One of the simplest tricks of the trade when it comes to gardening for beginners is to invest in a multi-purpose product. Hand tools are likely going to be what you use the most, and doing as much as possible with a single utensil will make a fast learner out of any amateur.

While there are a number of multi-purpose tools on the market, the Wilkinson Sword MultiTool Pro boasts an impressive thirteen functions, including two types of pliers, wire cutters, three different screwdrivers, saw, can and bottle openers, a small cutter, file and a screw top opener, allowing you the flexibility to move around your garden with a minimal amount of equipment.

Secateurs/hand pruners

If you’re working with shrubs in your new garden, secateurs are going to be your best friend. Before deciding what’s best suited to your garden, it’s important to know that there are two main types of secateurs: anvil and bypass. Anvil secateurs are designed more like a knife, with an upper blade that presses down onto a flat surface, which makes them ideal for cutting through dead wood. Bypass secateurs, however, work much more like scissors, with two sharp blades that press together.

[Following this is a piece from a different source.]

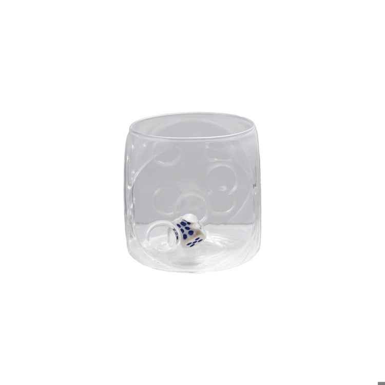 This 3" square by 3" high pressed drinking glass features a unique die inside for added visual interest. The glass is perfect for serving your favorite beverages in style. The die adds a fun element to the glass, making it a great conversation starter at any gathering. Made of high-quality materials, this glass is durable and dishwasher safe for easy cleaning. Add a touch of whimsy to your drinkware collection with this charming pressed drinking glass.

They are less sturdy than their anvil counterparts, but far more maneuverable.

Buying a cheap pair of secateurs, even as a beginner, is going to cause you a lot more hassle than it’s worth and ruin what should be a fun gardening experience.

Wolf Garten have a great range of both Anvil and Bypass secateurs available, including a professional selection and a variety of sizes to suit all levels.

Rake

You can plant, prune and trim your garden to high heavens, but if it’s left a mess at the end of a windy day, your efforts can feel wasted. It’s the equivalent of painstakingly designing a stunning living area only for your family to leave their stuff over all the furniture. The classic garden rake can keep your work on display for all to see, easily sweeping away leaves and debris and giving it that beautiful finish it deserves.

The Bulldog Tools Wizard Rubber Tooth Rake is an understated but highly effective tool that can help you achieve just that. Its rubber tines make it a flexible piece of equipment that won’t cause disruption to your lawn or paths when collecting leaves or debris like a plastic-toothed option.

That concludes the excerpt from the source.